Crossman: Without their contributions in taxes and the anonymous contributions of many of them, we would not exist in a form that bears any resemblance to the entirely pleasant and well-provided-for lives we enjoy.

Fernald: Seasonal residents totally enrich our community. They bring the bigger world to us in person. They provide employment for caretakers, house painters, cleaners, cooks, and carpenters. They are a breath of fresh air. They are someone new with whom to interact after a long winter. They make me feel proud to be a part of the community that is so special to them too. Their homes are worth quite a bit of money and so, while our town’s mil rate is low, they still pay a lot in property taxes. Many of them are extremely generous when it comes to fund raising for various island non-profits. 

The burden is an increase in demand for services that we all need. There is more trash to handle, there is more need to provide mainland parking options, the ferries are more crowded, and there is a need for extra floats at the town docks during the summer. There is a strain on the EMTs and first responders.

Which brings us to the current Covid 19 situation, and circles us right around to your first question.

If anyone who has not been here this winter thinks they’ll just come to the island to find sanctuary from the virus, I would urge them not to come. Yes, they might pay more taxes than I do. Yes they have a right to be in any property they own. But they are endangering lives by coming here.

Most of the people on the island are trying not to leave, at all. We can order groceries from two local stores and so far we’ve been able to get most of what we need. If more people arrive that will just put more demand on our small suppliers.

One grocer I talked to yesterday said she was having trouble getting things. Her supplier could give her 70 cases out of her order of 100 various cases of product. Seasonal residents in the time of Covid will put a burden on our food supply.

If this virus gets to our island it will no longer be a sanctuary for anyone. Most of us miss you and can’t wait to see you, but please don’t burden us with a visit at this time.

Naliboff: North Haven is particularly enmeshed with its summer community. Property taxes fund the school, donors provide crucial support to our community nonprofits, and many of us are employed as caretakers, landscapers, keyholders, servers, bartenders and cooks.
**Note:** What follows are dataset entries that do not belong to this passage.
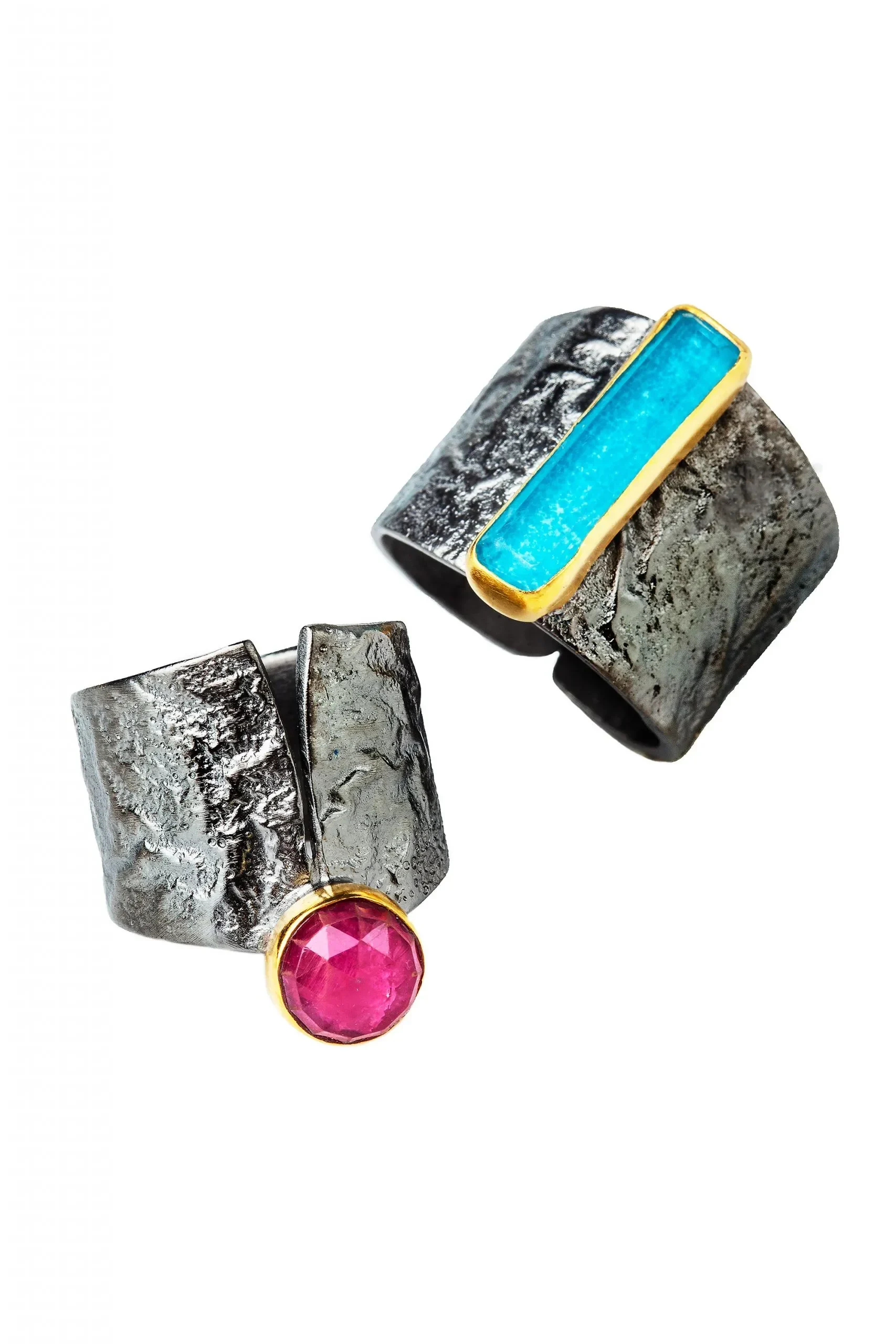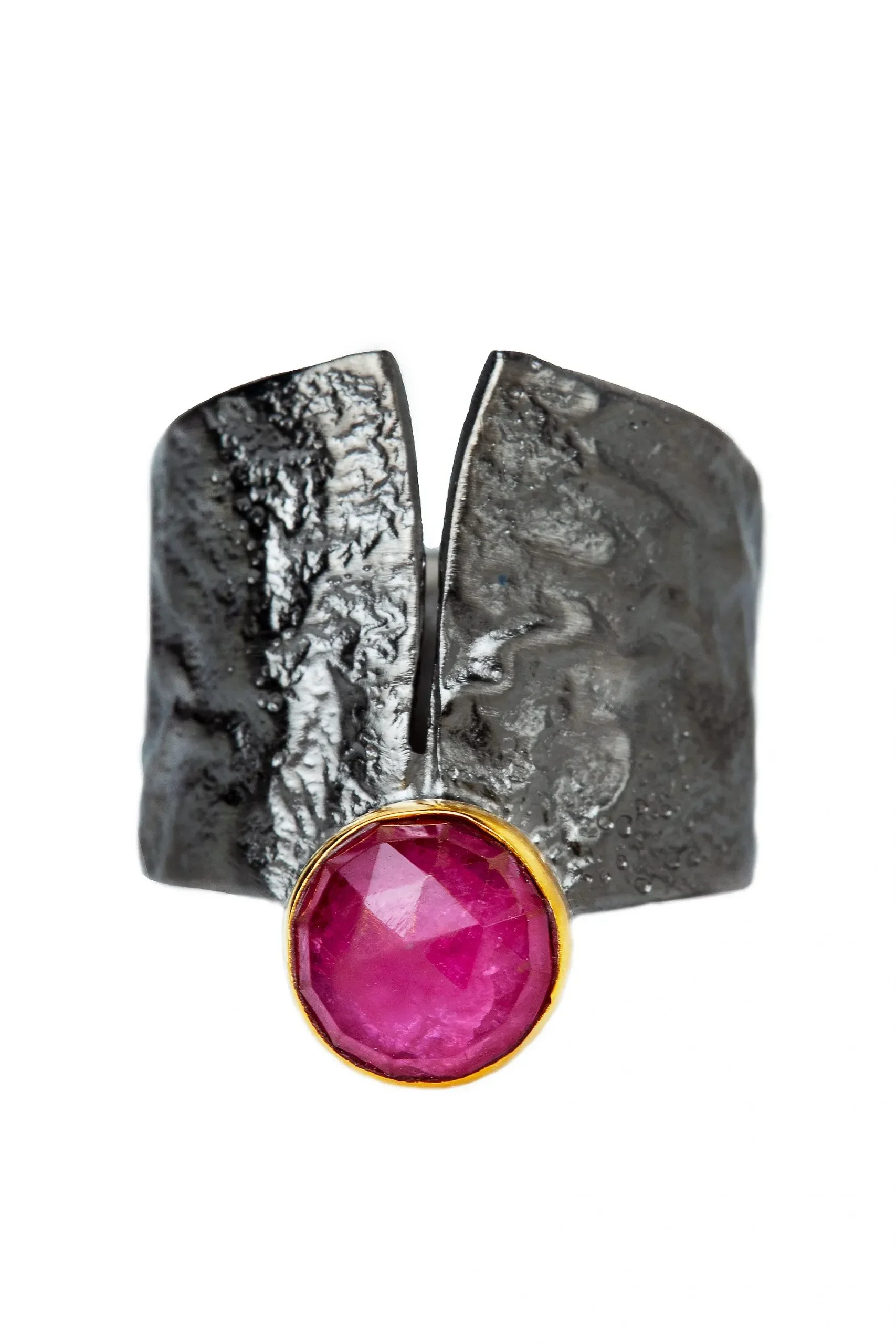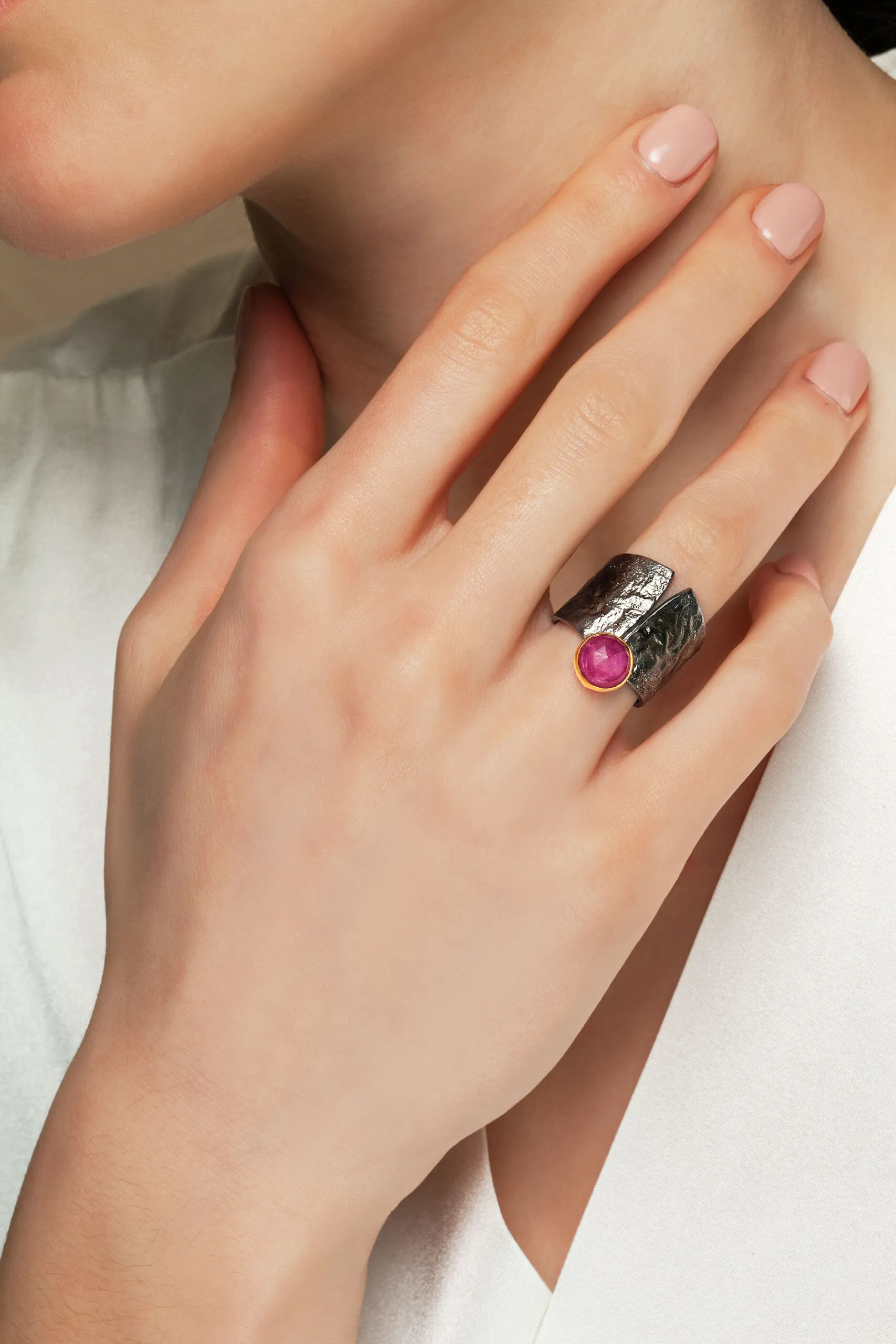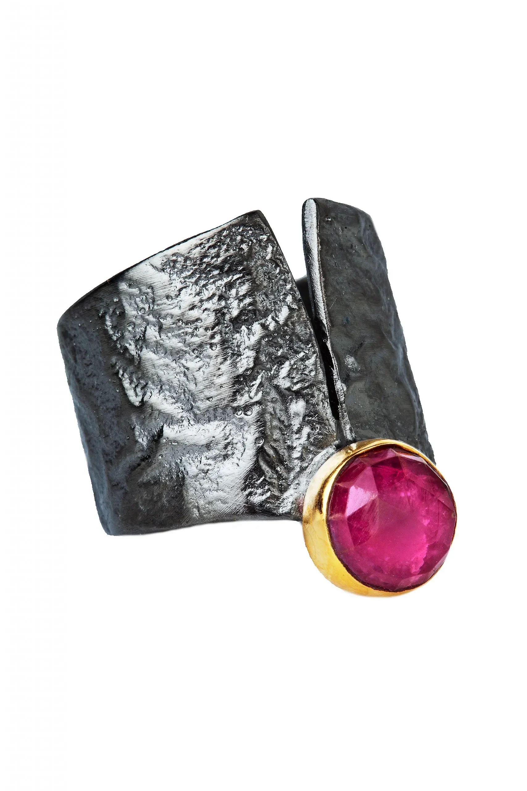 Ασημένιο δαχτυλίδι με ρουμπίνι και μαύρη επιπλατίνωση
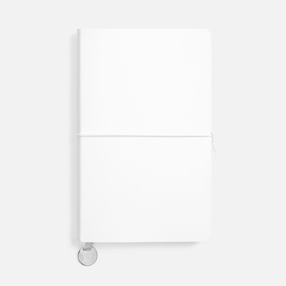 Ежедневник с гибкой обложкой, выполнен из материала Waltz, белый BB, дополнен ляссе в цвет обложки с металлическим шильдом.
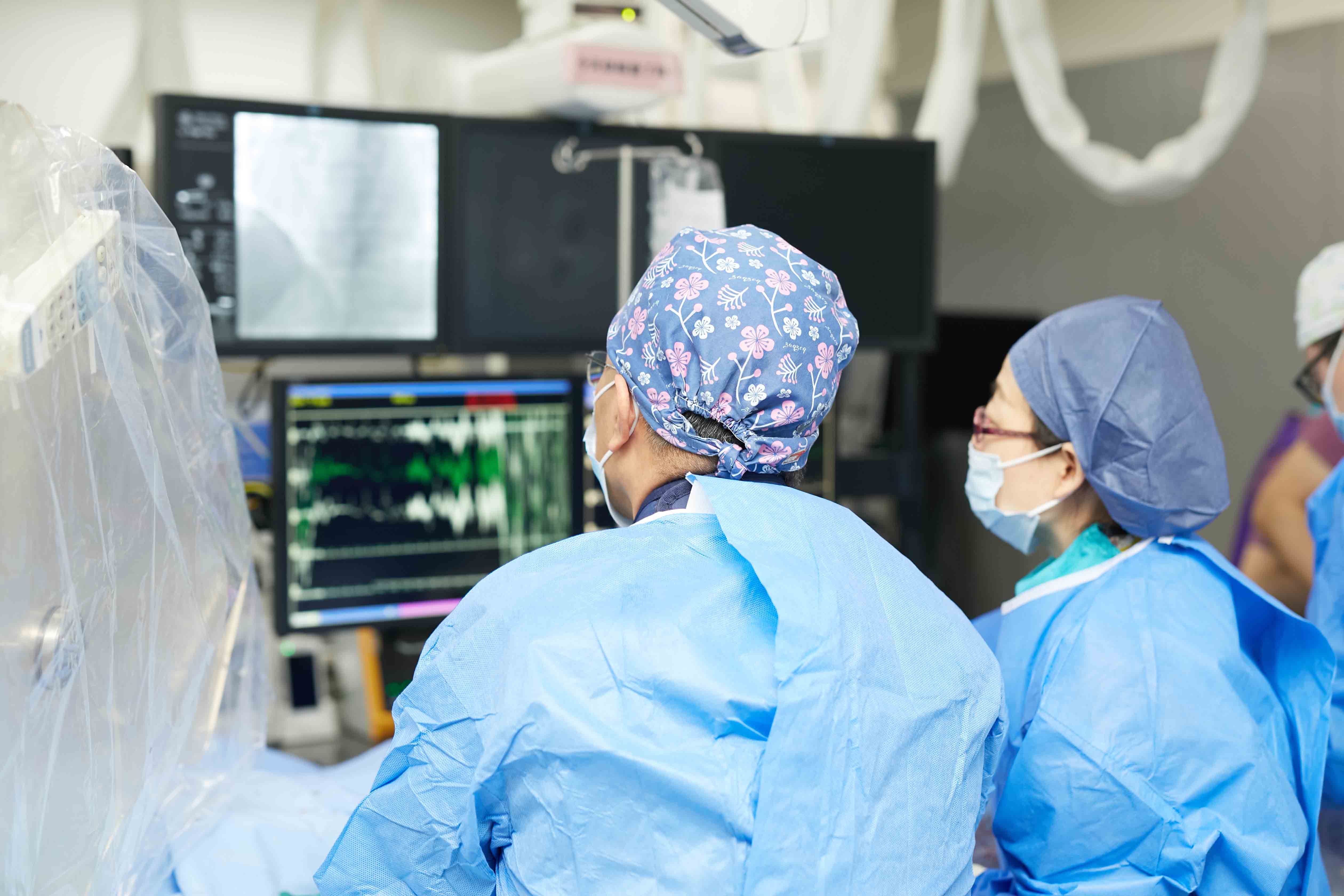 介入中心拥有3间心内科导管室,配备血管内超声仪、主动脉内球囊反博仪(IABP)、三维电生理标测系统、多导电生理仪、心肺运动仪、冷冻消融仪等先进设备。同时还设有1个心电遥测室、1个心肺运动室及1个起搏器程控室。
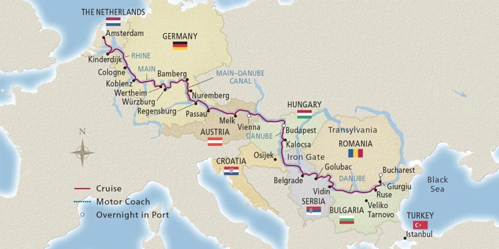 As far back as 1,200 years ago, visionary Frankish Emperor Charlemagne contemplated connecting the Rhine, Main and Danube Rivers so ships could travel the length of Europe. Today, his dream dramatically comes to life. The Main-Danube Canal employs 16 stair-step river locks that allow vessels to travel 2,200 miles through 10 countries, from the North Sea coast of Holland to the Black Sea shores of Romania.
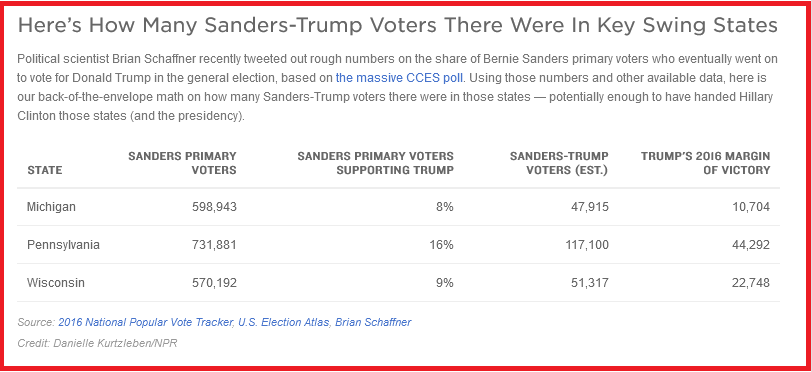 (53,179 posts)From this article...https://www.npr.org/2017/08/24/545812242/1-in-10-sanders-primary-voters-ended-up-supporting-trump-survey-finds
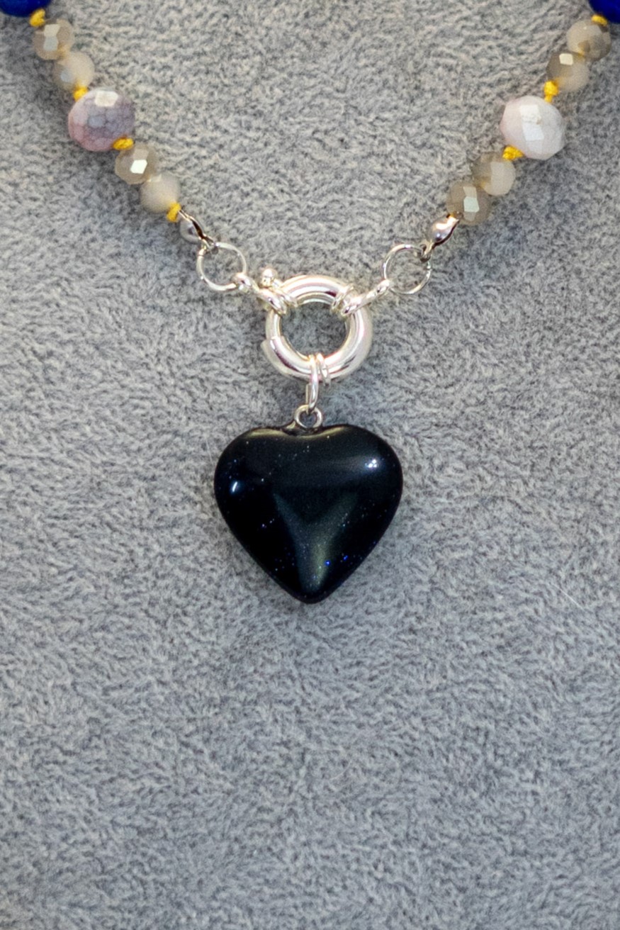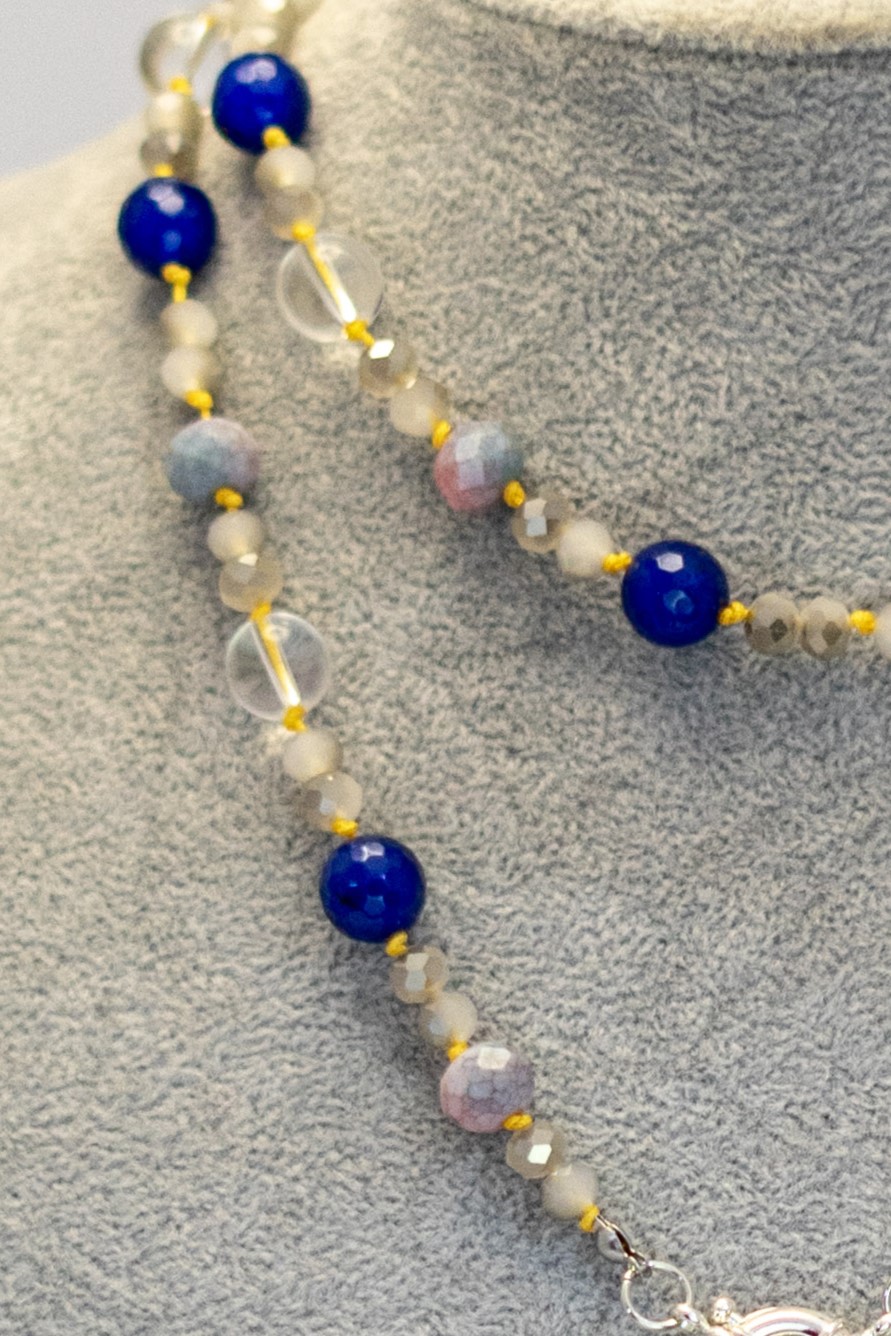 Este collar combina la pureza del cuarzo cristal con la profundidad de las ágatas azules, realzadas por el brillo sutil de cristales matizados que evocan destellos de una noche estrellada. El diseño se completa con un broche enchapado en plata, aportando un acabado elegante y resistente. Una pieza delicada y sofisticada que refleja calma y armonía, ideal para quienes buscan un accesorio que inspire serenidad y destaque con luz propia.
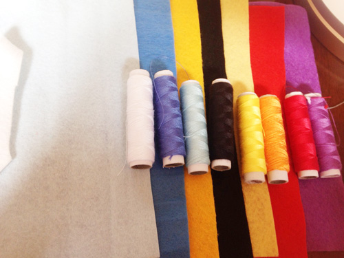 フェルト(白・水・黄・黒・朱・紫)+その色の糸
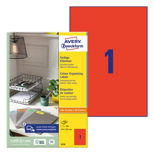 Etikett AVERY 3470 210x297 mm piros univerzális 100 címke/doboz 100 ív/doboz
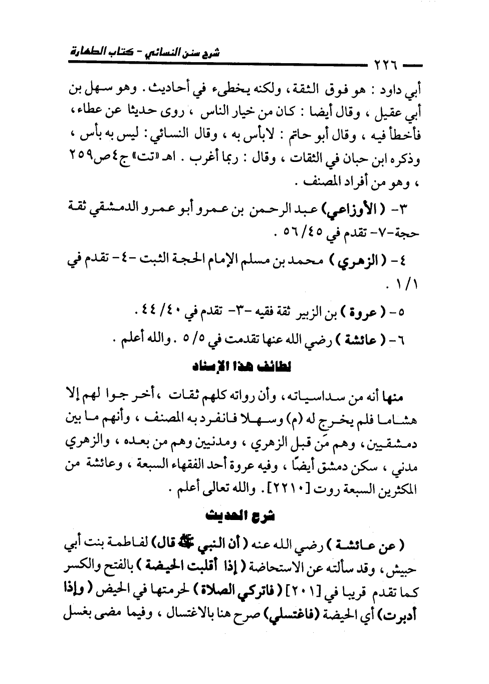 منها أنه من سداسياته، وأن رواته كلهم ثقات، أخرجوا لهم إلا هشاما فلم يخرج له (م) وسهلا فانفرد به المصنف، وأنهم ما بين دمشقيين، وهم مَن قبل الزهري، ومدنيين وهم من بعده، والزهري مدني، سكن دمشق أيضًا، وفيه عروة أحد الفقهاء السبعة، وعائشة من المكثرين السبعة روت [2210]. والله تعالى أعلم.
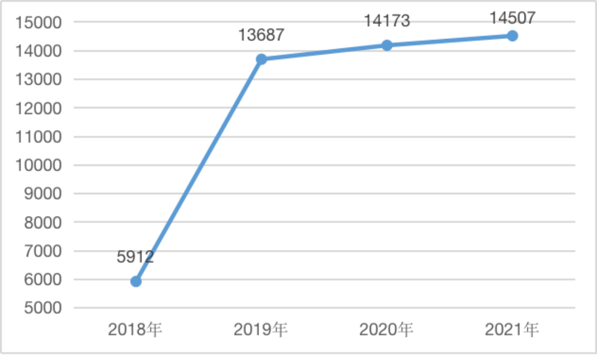 一汽富维2018-2021年员工总人数分别为5912人13687人、14173人和14507人。2019年较2018年公司员工人数扩大了1.32倍,2019-2021年平均每年增长410人,可以看出公司规模比较庞大,为适应生产经营需要扩大了员工规模。

Many members of the summer community are artists, architects, authors, actors, or otherwise contribute to the island’s creative environment. And I’d be remiss if I didn’t mention the friendships we enjoy in the summer community as well, people whose arrival we look forward to each year. My daughter, too, loves and misses her summer friends dearly.

Most challengingly—and this isn’t indicative of the whole summer community by any means—is the classist attitude that a few have towards year-rounders. I’ve been told that I’m “not a theater professional,” my husband’s musicianship has been called into question because he certainly couldn’t be a classical musician (he is), and in the many years I spent as a server, bartender, and cook I encountered probably the same level of obnoxious behavior as a server, bartender or cook does anywhere.

Boors are boors, on and off North Haven.